*** Block opens ***
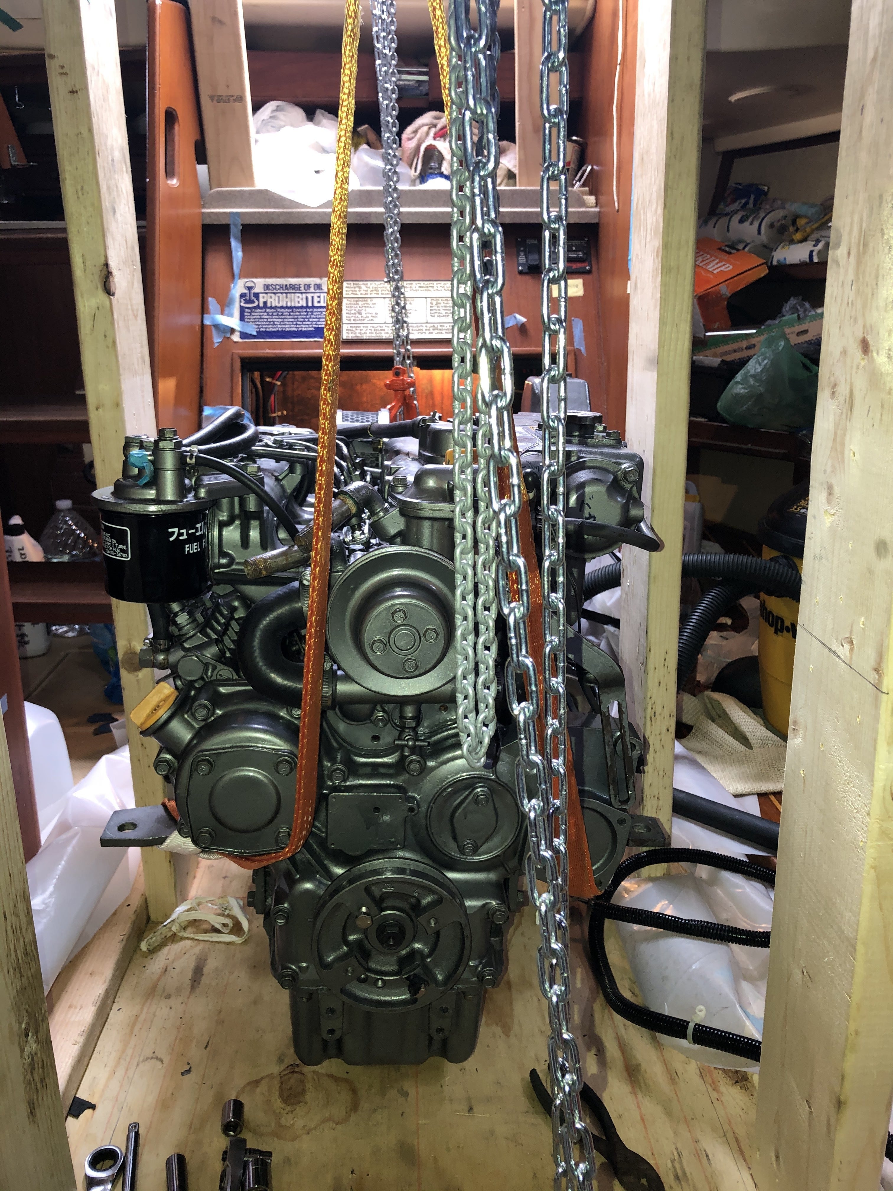 250㎏のディーゼルエンジンを木製フレームを自作。それに3つのチェーンブロックで釣ってエンジンルームから出しました。オーバーホール修理を全て一人で遣り切りました。
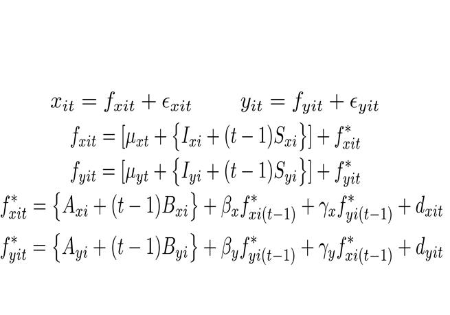 (i)ランダムに生じる時点特有の効果(time-specific effect)の影響を考慮したモデリング、(ii)縦断データに見られる多様な変化の背後にある、
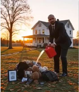 Elise drove to the country house to tend the garden. She found Thane’s car parked near the shed—unexpected. As she approached, she heard the unmistakable smell of gasoline. There he was, pouring liquid over photographs, preparing to set them ablaze.
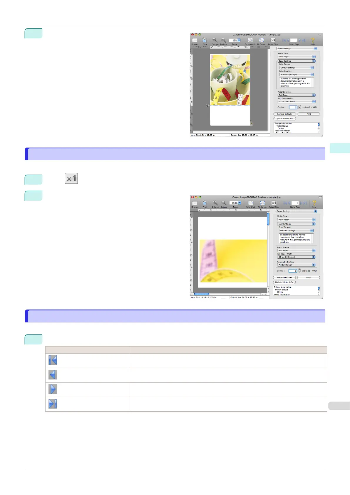 Canon iPF840 - Display with Actual Size; Moving a Page
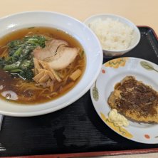 醤油ラーメンとアジフライとちょい飯で590円なり。
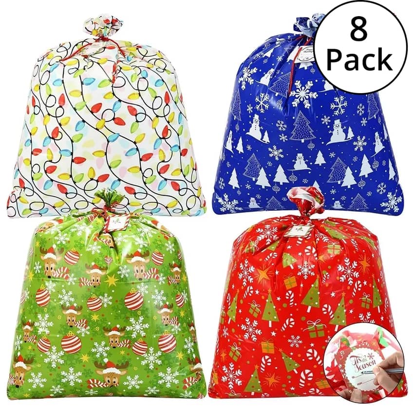 - Extra-Large Christmas bag set includes 8 bags with 4 designs (2 each) & gift tags to personalize your present
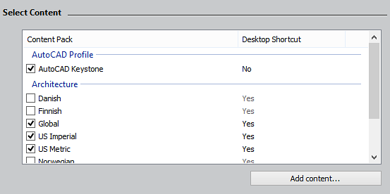 Para instalar, selecione os pacotes de conteúdo de AutoCAD Profile and Architecture (imperial EUA, métrico EUA e RU). Você também pode especificar uma nova localização para o arquivo da Biblioteca do Navegador de Conteúdo.
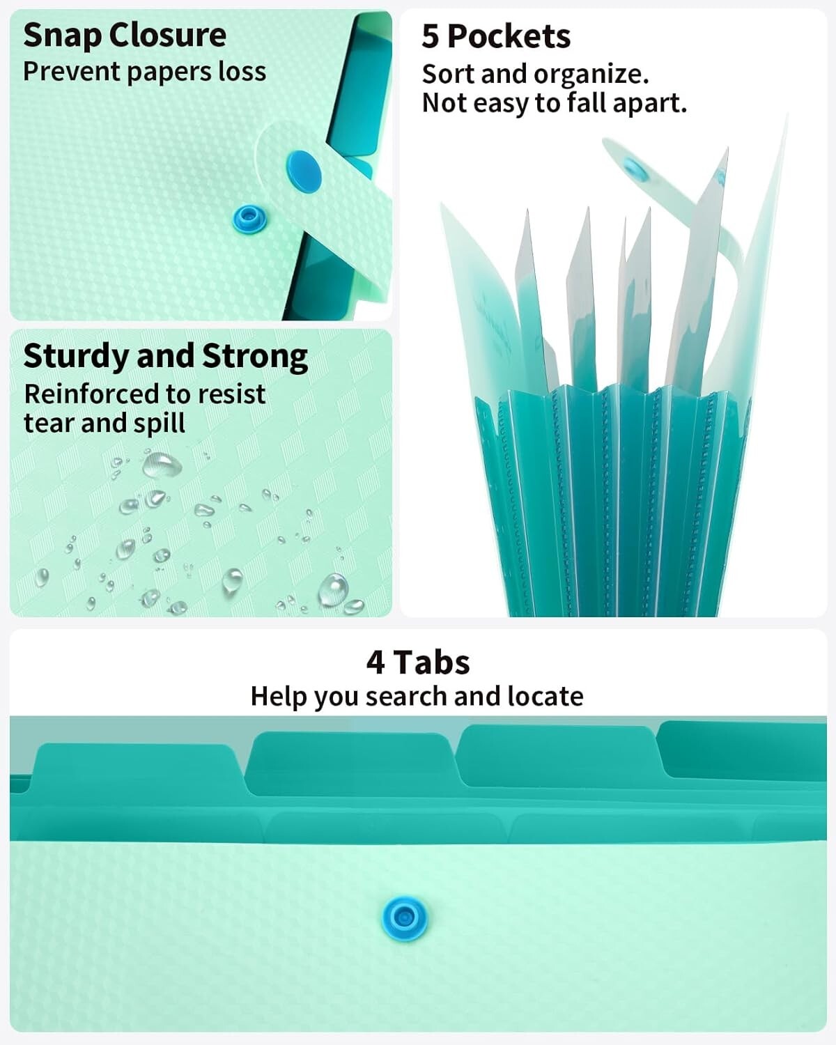 Stylish Green Document Organizer - Lightweight Accordion File Folder with Tabs
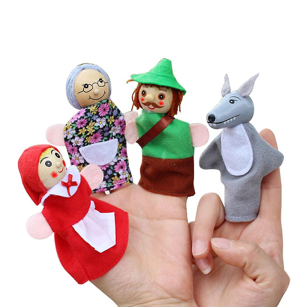 4pcs/Lot Kids Finger Puppets Doll Plush Toys Little Red Riding Hood Wooden Headed Fairy Tale Story Telling Hand Puppets
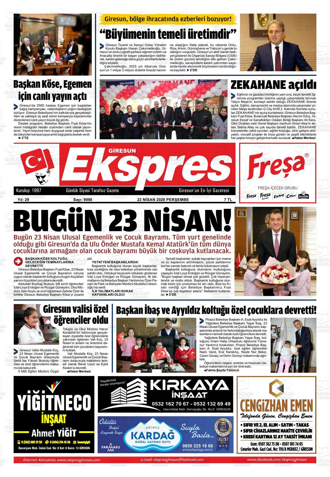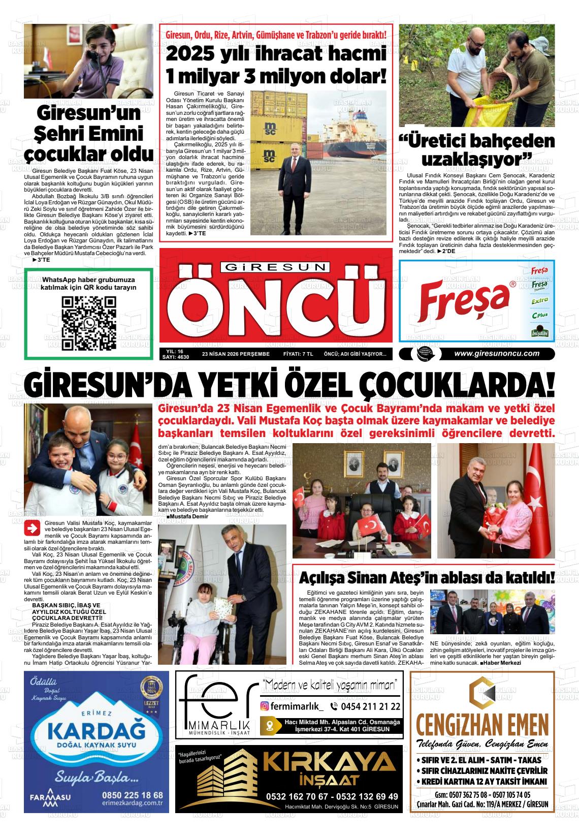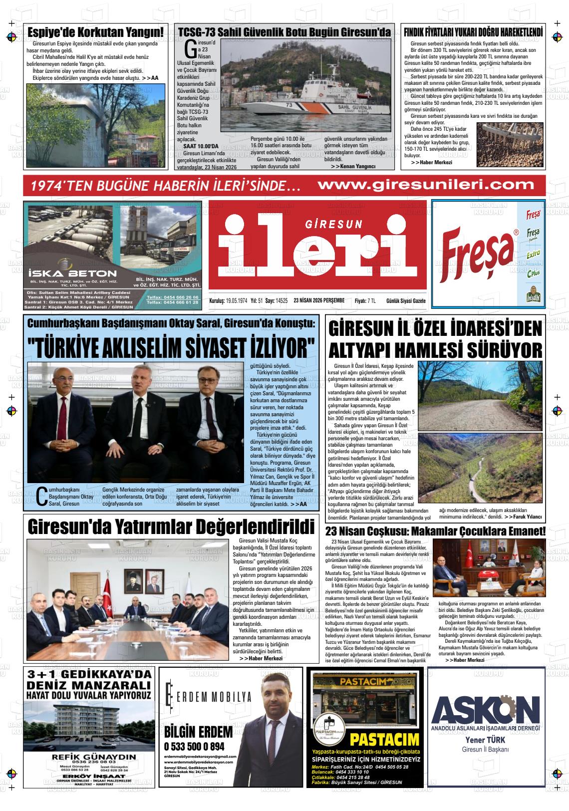 Gİresun Yerel Gazeteleri 23 Nisan 2026, Perşembe Günü Manşeti
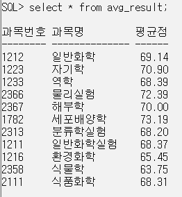 CREATE OR REPLACE VIEW avg_result (과목번호, 과목명, 평균점수)
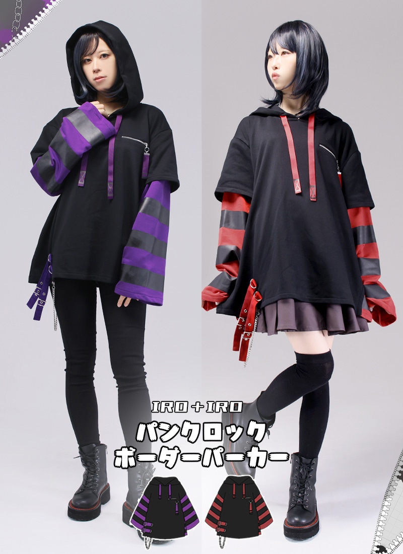 【最短即日出荷】ユニセックス 男女共用 オーバーサイズ チェーン 袖2way 半袖 長袖 ゴシック 地雷*Favorite*パンクロックボーダーパーカー【2025年2月中旬予約開始】
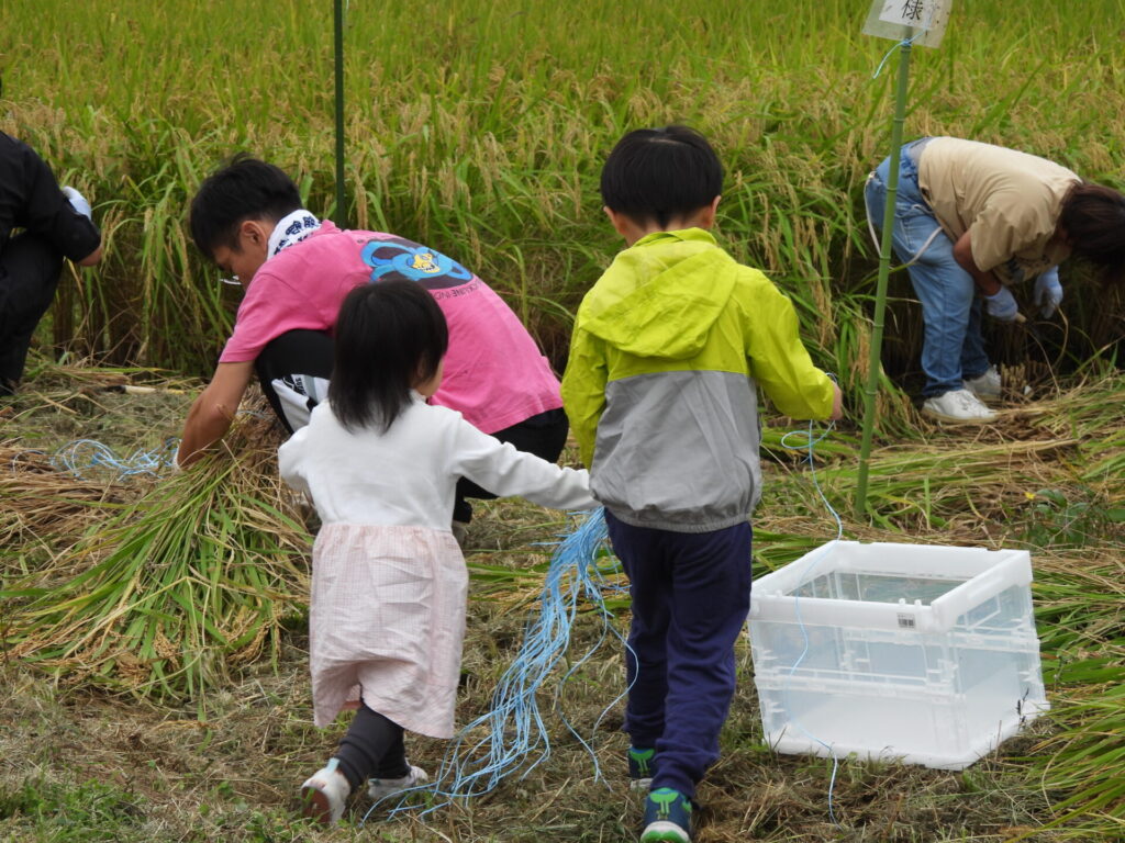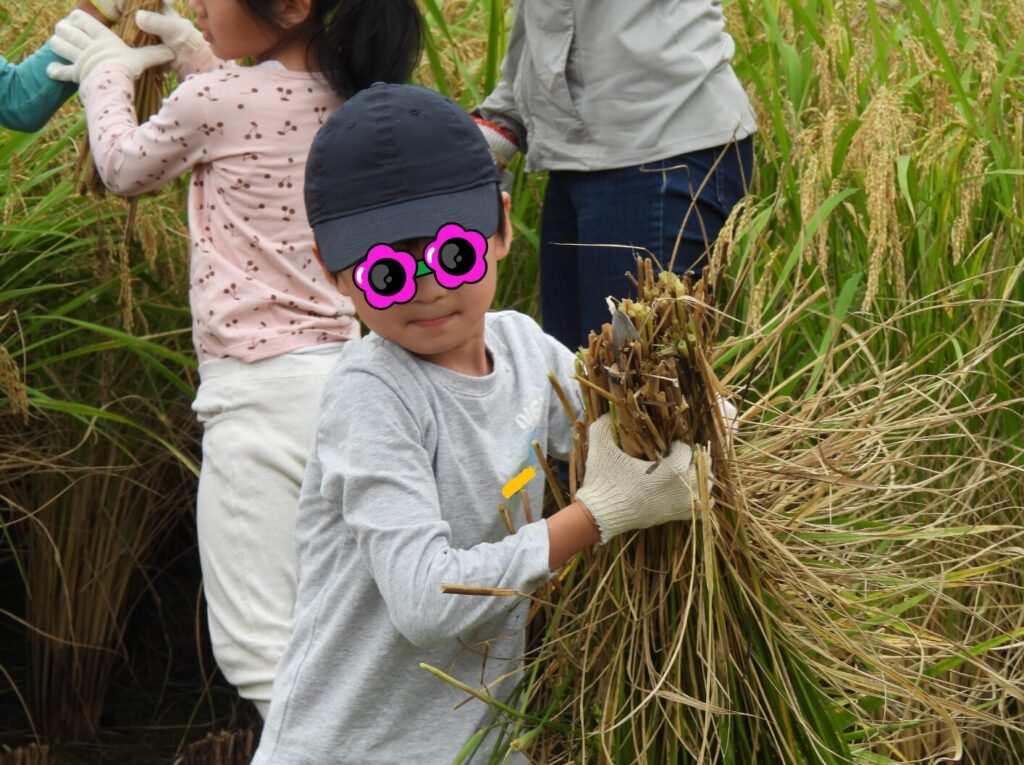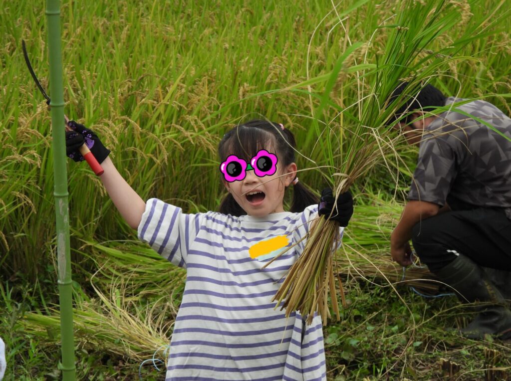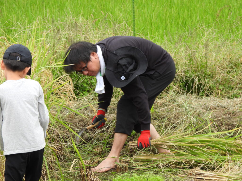大人たちはヘトヘトになりながら、無事稲刈りは終了パンチ
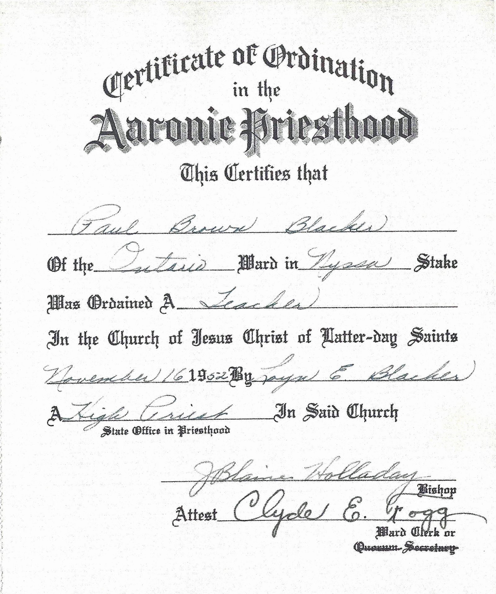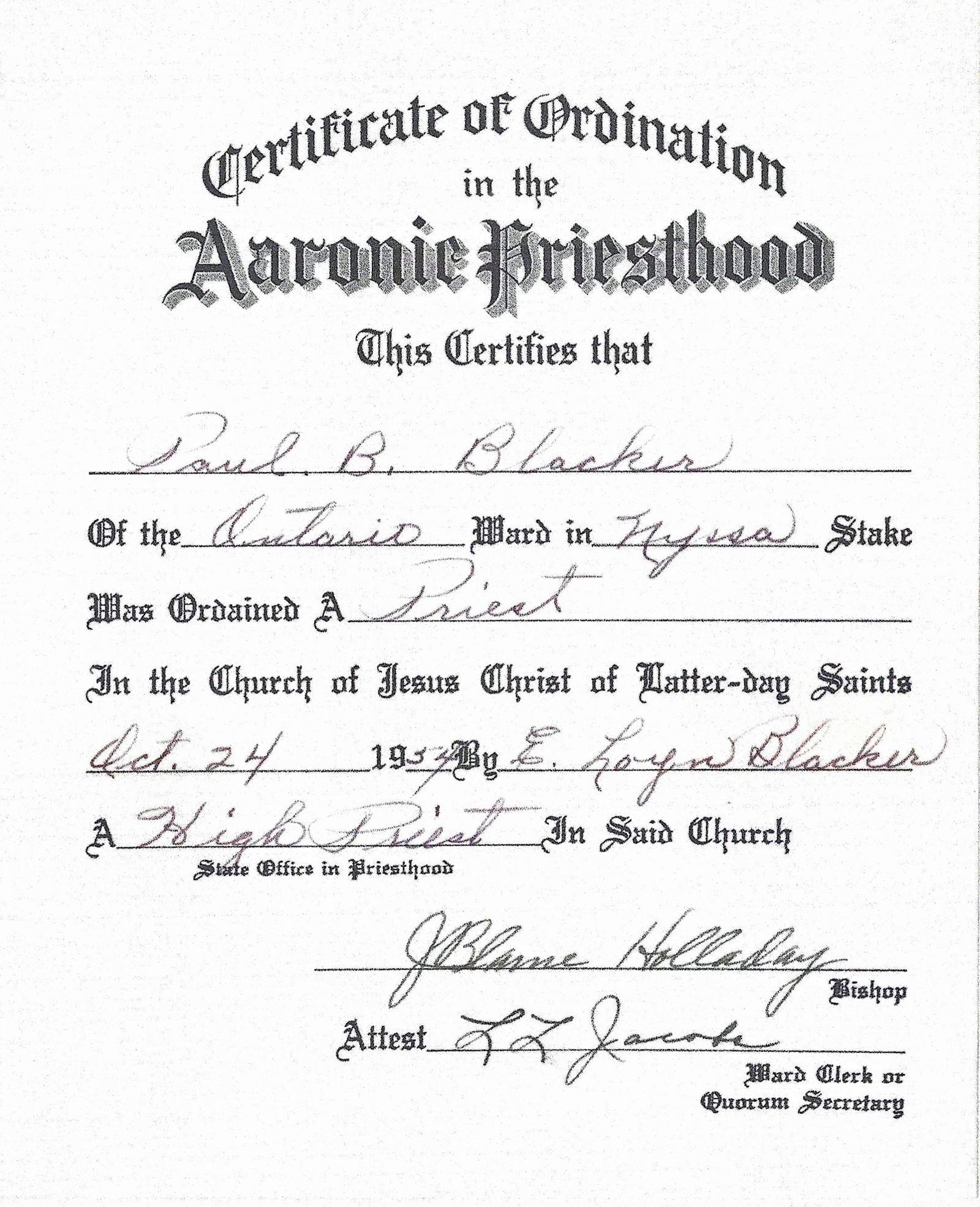 During my Aaronic Priesthood years I received seven individual awards for attendance - three of the five were for 100% attendance. I progressed through the Priesthood offices until I graduated from high school.
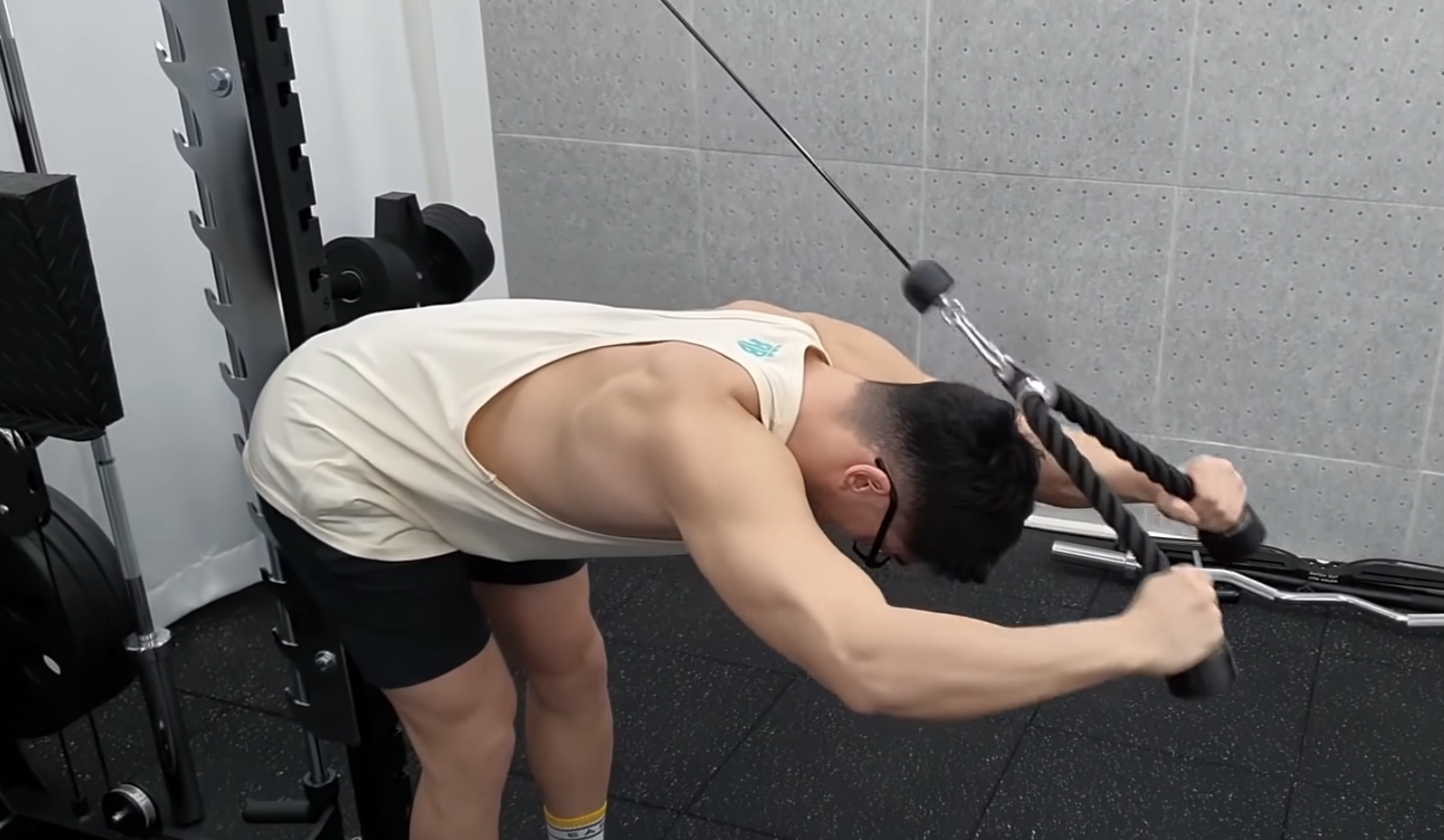 - 삼두 : 로프 오버헤드 익스텐션(12-15회 상대적으로 가벼운 무게로 진행)
*** Block closes ***
## Work to complete
All lines from the one containing "During my Aaronic" through the end of the entries above must be given again exactly, with every picture omitted.

## Problem solution
 During my Aaronic Priesthood years I received seven individual awards for attendance - three of the five were for 100% attendance. I progressed through the Priesthood offices until I graduated from high school.
 - 삼두 : 로프 오버헤드 익스텐션(12-15회 상대적으로 가벼운 무게로 진행)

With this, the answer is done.